When you use the .new() method on a DataBlock, it creates a new DataBlock object that inherits the properties of the original DataBlock but allows you to modify specific parameters.

Training

bears = bears.new(
	item_tfms=RandomResizedCrop(224, min_scale=0.5),
	batch_tfms=aug_transforms()
) 
dls = bears.dataloaders(path)

learn = vision_learner(dls, resnet18, metrics=error_rate) 
learn.fine_tune(4)

Confusion Matrix

  • The confusion matrix is a tool used in machine learning to evaluate the performance of a classification model. It shows the actual versus the predicted classifications made by the model.
  • To visualize how our model is, we can create a confusion matrix:
interp = ClassificationInterpretation.from_learner(learn)
interp.plot_confusion_matrix()

  • The rows represent all the black, grizzly, and teddy bears in our dataset, respectively.
  • The diagonal of the matrix shows the images that were classified correctly, and the off-diagonal cells represent those that were classified incorrectly.

In the context of a confusion matrix, the "diagonal" refers to the cells that run from the top left corner to the bottom right corner of the matrix. These cells represent instances where the predicted class matches the actual class. Specifically, each cell on the diagonal indicates the number of correct predictions for each class.

  • The diagonal of the matrix shows the images that were classified correctly, and the off-diagonal cells represent those that were classified incorrectly.
  • This is one of the many ways that fastai allows you to view the results of your model. It is (of course!) calculated using the validation set.
  • The goal is to have white everywhere except the diagonal, where we want dark blue.

Visualize the predictions

  • We can sort our images by their loss to know where exactly our errors are occurring, to see whether they’re due to a dataset problem (e.g., images that aren’t bears at all, or are labeled incorrectly) or a model problem (perhaps it isn’t handling images taken with unusual lighting, or from a different angle, etc.).

The loss is a number that is higher if the model is incorrect (especially if it’s also confident of its incorrect answer), or if it’s correct but not confident of its correct answer.

  • plot_top_losses: shows us the images with the highest loss in our dataset.
interp.plot_top_losses(5, nrows=1)

Left picture it’s a “grizzly” but it’s incorrectly labeled as “black”

  • This output shows that the image with the highest loss is one that has been predicted as “grizzly” with high confidence. However, it’s labeled (based on our Bing image search) as “black.”

Cleaning

  • The intuitive approach to doing data cleaning is to do it before you train a model.
  • We normally prefer to train a quick and simple model first, and then use it to help us with data cleaning.
  • fastai includes a handy GUI for data cleaning called ImageClassifierCleaner that allows you to choose a category and the training versus validation set and view the highest-loss images (in order), along with menus to allow images to be selected for removal or relabeling:
cleaner = ImageClassifierCleaner(learn) 
cleaner

ImageClassifierCleaner doesn’t do the deleting or changing of labels for you; it just returns the indices of items to change.

  • To delete (unlink) all images selected for deletion, we would run this:
for idx in cleaner.delete(): cleaner.fns[idx].unlink()
  • To move images for which we’ve selected a different category, we would run this:
for idx,cat in cleaner.change():
    shutil.move(str(cleaner.fns[idx]), path/cat)
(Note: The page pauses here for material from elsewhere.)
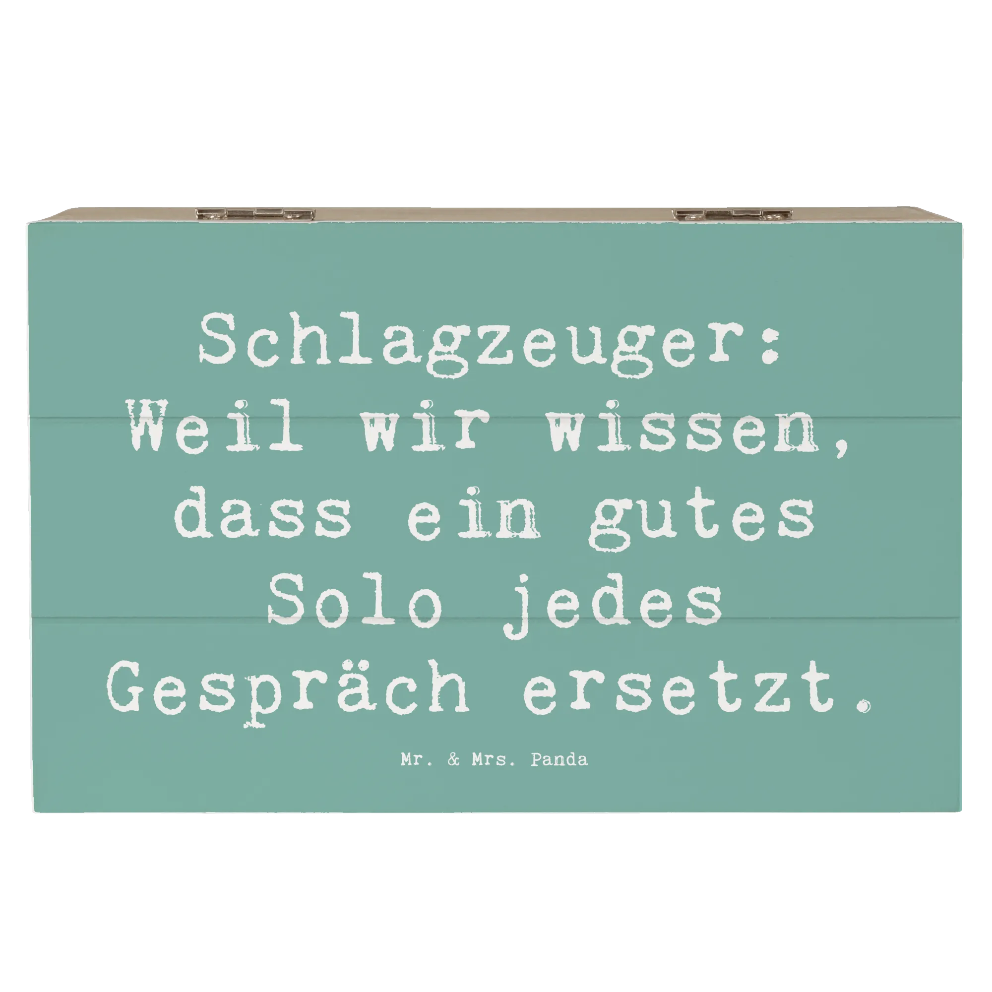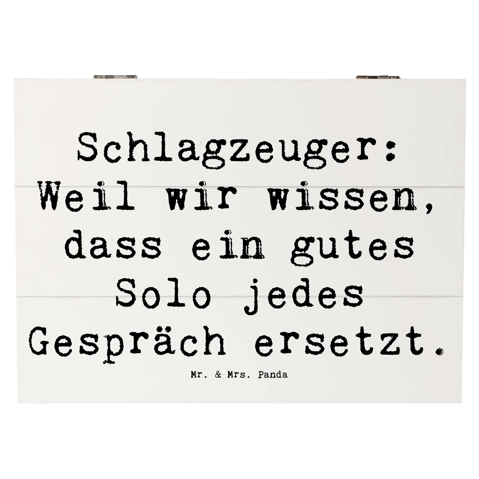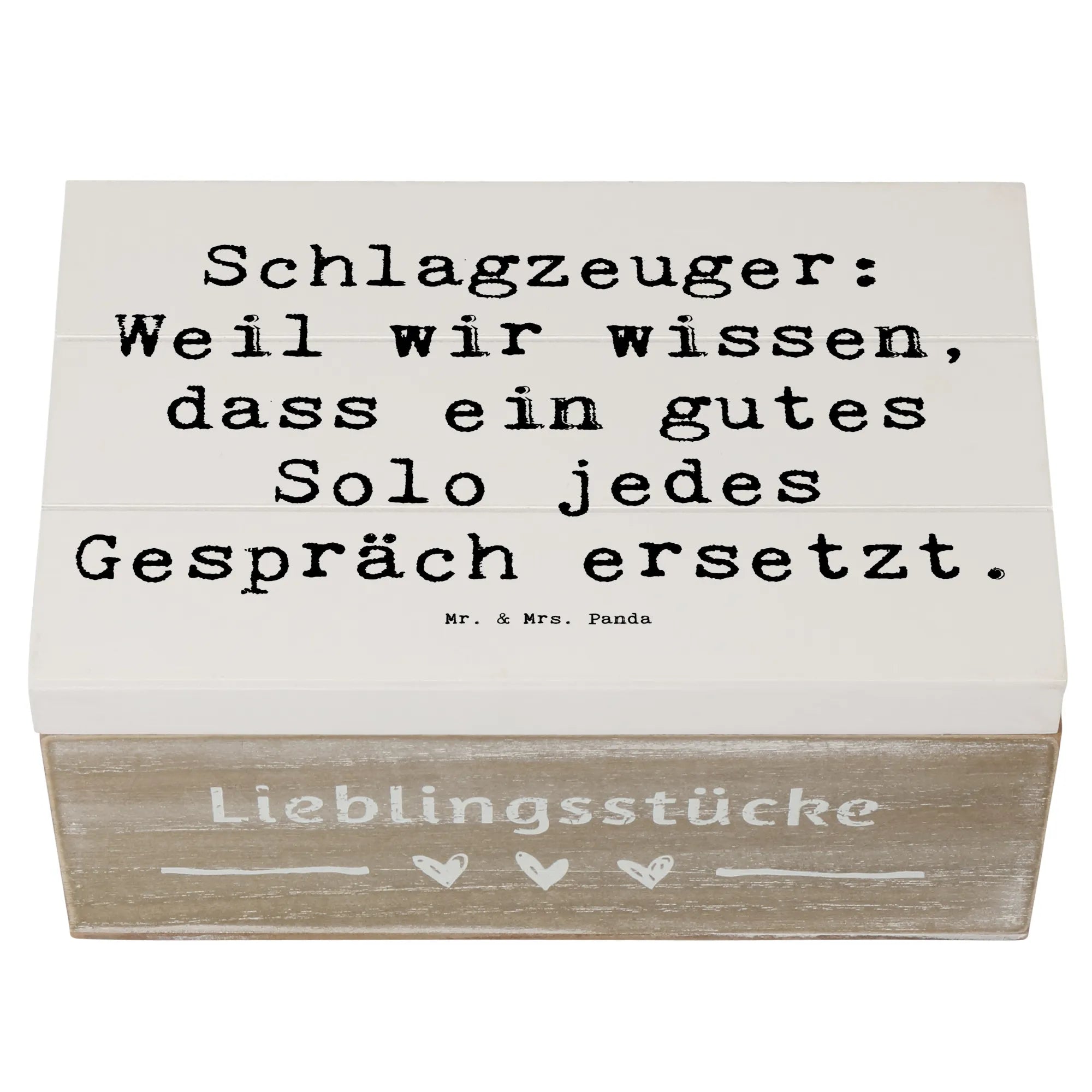 Die wunderschöne Holzkiste von Mr. & Mrs. Panda ist das perfekte Geschenk für alle Musikliebhaber, insbesondere für Schlagzeuger und Drummer. Diese bezaubernde Kiste ist nicht nur mit einem beeindruckenden Schlagzeug-Motiv versehen, sondern auch mit dem witzigen Spruch: 'Schlagzeuger: Weil wir wissen, dass ein gutes Solo jedes Gespräch ersetzt.'

Cleaning the data and getting it ready for your model are two of the biggest challenges for data scientists; they say it takes 90% of their time. If you delete images from your dataset after using ImageClassifierCleaner in fastai, you should re-train your model. The ImageClassifierCleaner tool is used to inspect and clean your dataset, often by removing incorrectly labeled or noisy images.

Using the Model for Inference

  • A model consists of two parts: the architecture and the trained parameters. The easiest way to save a model is to save both of these, because that way, when you load the model, you can be sure that you have the matching architecture and parameters. To save both parts, use the export method.
  • fastai automatically uses your validation set DataLoader for inference by default.

When we use a model for getting predictions, instead of training, we call it inference. "inference" refers to the process of using a trained model to make predictions on new, unseen data.

  • Export the model:
learn.export()
  • To create our inference learner from the exported file, we use load_learner:
learn_inf = load_learner(path/'export.pkl')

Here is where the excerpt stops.